You should be on a relevant master’s program (Human Biology, Molecular Biomedicine, DVM, engineer or other nature and life sciences programs). It is an advantage if you have already passed a course in laboratory animal science (FELASA category AD or similar), but it is not a requirement.
Application:
If you are interested in the project and want to learn more, please reach out to Department Manager, Helle Jacobsen; email: hjj@minervaimaging.com. Please submit your application via our website. The application must include a short, motivated cover letter and a CV. Applications are evaluated continuously.
About Minerva Imaging:
Minerva Imaging is a scientifically driven and integrated CRO and CDMO specialized in targeted radionuclide therapies. We focus on the use of advanced animal models within oncology, cardiovascular diseases, and in vivo molecular imaging for translational research and drug development.

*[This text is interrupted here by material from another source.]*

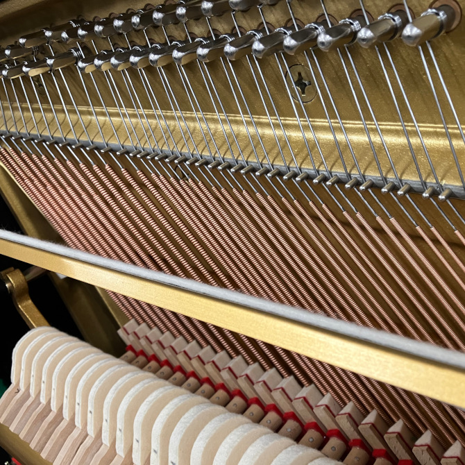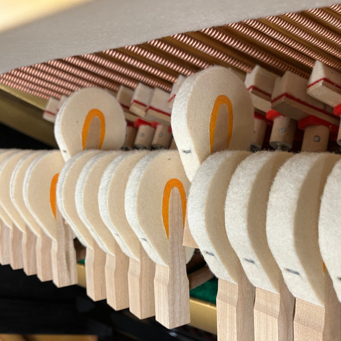音の要となるハンマーには、オールアンダーフェルトを採用しています。ハンマーの内側を硬くし外側を柔らかくすることにより、打鍵にの加減よる音色・響きの幅が広がります。アンダーフェルトは、88個全てに施しています。

We engage with our sponsors to understand their scientific questions and discuss how our methods and capabilities can provide answers. Our facility located in Ølstykke, Denmark offers best–in–industry fully integrated radiopharmaceutical research, drug development, and manufacturing services.
Minerva Imaging is an equal opportunity employer, and we encourage candidates of all backgrounds and experiences to apply.